Kırşehir’i görmeye bizleri ziyaret etmeye gelmişler.

Misafir başımızın tacı dedik.

Biz atalarımızda böyle gördük misafir ağırlanır, konaklatılır, muhabbet edilir, dostlukları güçlendirir derlerdi.

Bizde misafirlerimize Ahi şehri burası, sofrası geniş, kapısı açık buyur ettik.

Gelmiş Misafirlerimize şehrimizi tanıtalım diyerek terme caddesinde başladık.

Kapıcı camisini ve çarşı camisini gezdik tarih öncesi yapıları tanıttık.

Daha sonra ikinci ve üçüncü çarşının olduğu yerde 1930 yıllara kadar bedesten varmış tarihi kapalı çarşı.

Yıllarca Selçukluya, Osmanlıya ve cumhuriyetin kurulduğu yıllarda Kırşehirliye hizmet vermiş.

Köylünün, şehirlin alış verişi yaptığı bedesten bugün yok.

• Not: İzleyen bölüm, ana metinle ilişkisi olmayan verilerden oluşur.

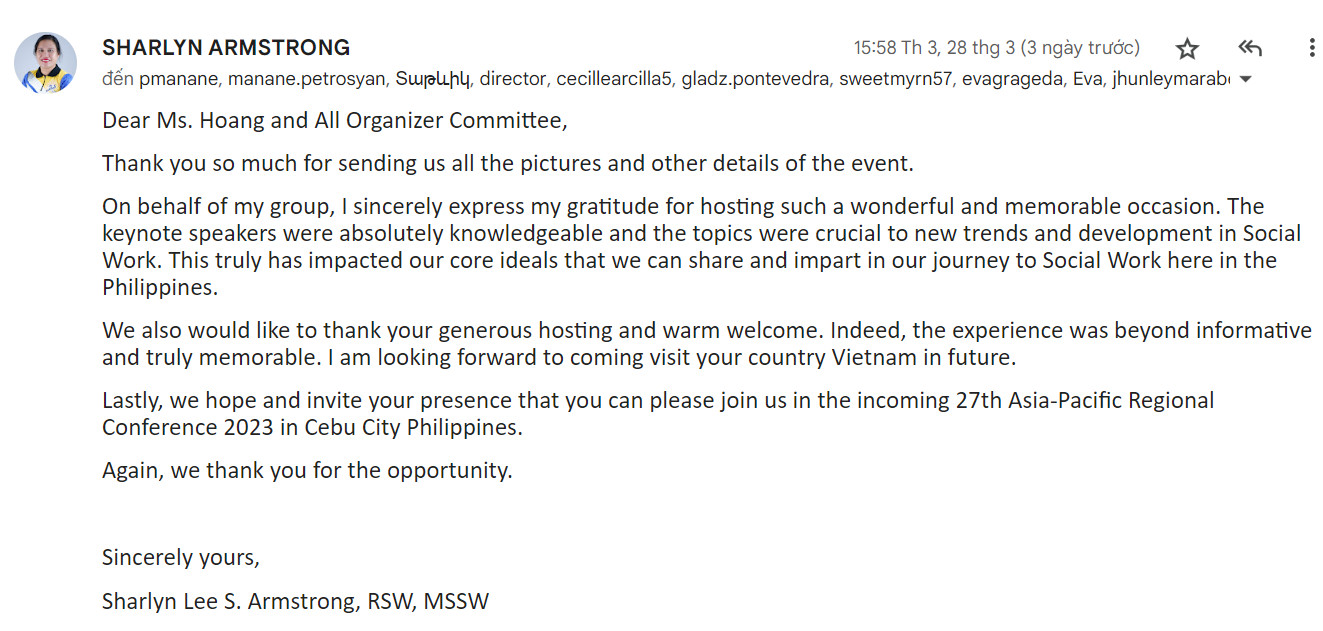 Hội thảo đã ghi nhận được nhiều trao đổi ý nghĩa, quý báu và thực sự là diễn đàn trao đổi học thuật và giao lưu mở rộng quan hệ hợp tác quốc tế trong lĩnh vực nghiên cứu, đào tạo Công tác xã hội và ghi nhận, tôn vinh những đóng góp của nhân viên Công tác xã hội trong phát triển xã hội.

Buraya çokbilmiş diplomalı ilin valisi geldiğinde bu bedesten’i yerle bir etmiş.

Bugünkü gördüğünüz beton armayı bırakmış.

O zaman bedestenin dört kapısı varmış, her kapı bir camiye açılırmış.

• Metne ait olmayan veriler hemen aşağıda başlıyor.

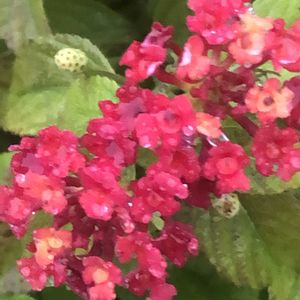 こんにち・今晩は😃 雨の中、今撮ってきたよ 今日のお花 ランタナ❣️さん 暑い内は、黄色も目立っていたのに・・ランタナらしくなくなっちゃった😅 この株3年目、2つ植えたけどもう一つは冬越し出来なかった。頑張って今年も冬越ししてね🙏 😊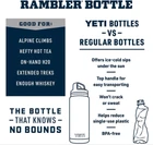 About this item Get to drinking faster with the Chug Cap. It just takes a quick half-twist of the TripleHaul Handle to open and then you’re good to go, making it easy to steal a sip without slowing down This Double-Wall Vacuum Insulated water bottle has the power to keep your water cold (or coffee hot) until the last sip 18/8 stainless steel construction stands up to even the toughest of conditions DuraCoat Color that is built to last - no fading, peeling, or cracking here The Chug Cap is not intended for use with hot beverages. Bottle Dimensions: 3 ¾ inches in diameter and 10 ¾ in high Product information Technical Details Brand YETI Capacity 2.3 Pounds Color Big Wave Blue Special Feature Leakproof Product Dimensions 3.75"W x 3.75"H Material Stainless Steel Number of Items 1 Included Components Lid Product Care Instructions Dishwasher Safe Cap Type Loop Cap With Lid Yes UPC 888830324899 Manufacturer YETI Part Number 21071502686 Item Weight 1.61 pounds Item model number 21071502686 Size 36 Ounces Special Features Leakproof Batteries Included? No Batteries Required? No On Feb 7, 2025 at 01:03:13 PST, seller added the following information:

Bugün camiler korumada bedesten yok ortada.

Uzun çarşıyı şöyle ayaküzeri bir dolaşıp Cacabey meydanında tarihi Cacabeyin restorasyonundan bahsettik.

Daha sonra Ahi camisini tanıtıp külliyenin güzelliğinde ne zaman hizmet vereceğinden konuştuk.

Kırşehir’e gelinirde tarihi kale gezilmez mi diyerek tarihi topraktan yığma kale üzerinde Kırşehir’e yüksekten bakın dedik.

Şimdi gördüğünüz manzara bizim çocukluk yıllarımızın ne Kırşehir’i nede tarihi kalesi.

Kale denince çocukların orta mektebi okudukları koşuştukları, kaynaştıkları, oynaştıkları yerdi.

Şimdi ne orta mektebin binası nede oynaşan çocukları var.

Tarihi kale cami Allah’tan sağlam duruyor.

Beş vakit Müslümanları haydin namaza diye davet ediyor.

Tarihi cami olmasa onu da yerle bir ederdik.

Yıkmakta üzerimize yok.

Yapmak bizim işimiz değil, yıkma seçilmişlerin işi.

Yıkıcı takım her seçimde hazır.

Aylarca yapılan yapıları, bir haftaya bile bırakmadan yıkarız evvel Allah.

Çünkü Kırşehir seçilmiş yıkım ekibi her dönemde var.

Şimdi Kale kendi kaderiyle baş başa bırakılmış durumda Kırşehir’e küs bekliyor.

Yatırım izni yok, çivi çakan mahpushanelere güneş doğmuyor söylüyor.

Devlet ise hiç oralı olmuyor.

Kalede tarih var diyenler, nerede bu tarih diye soranlara bir çukur açmışlar bekliyor.

Kalede kazı çalışması var mı yok mu belli bile değil.

Açılmış birkaç telle çevrili çukurlar kimi bekliyorsa.

Kale ortaokulu yıkılmış yeri enkaz duruyor.

Etrafına süsleyen ağaçlar bir bir yok oluyor.

Gelen insanlar ayaküzeri kaleden Kırşehir’i kuşbakışı seyrediyor.

Bizde misafirlerimize Kırşehir’i tanıtıyoruz bu arada.

Burası tarihi topraktan yığma kale ne zamanda yapılmış derseniz çok efsane üretiliyor doğru bilgi olmasa da yıllar öncesinde yığma topraktan üzerinde duruyoruz..

Bura koruma altında çiviş çaktırmıyorlar.

Bu yüzden kalenin etrafının bakımsızlığı bundan dedik.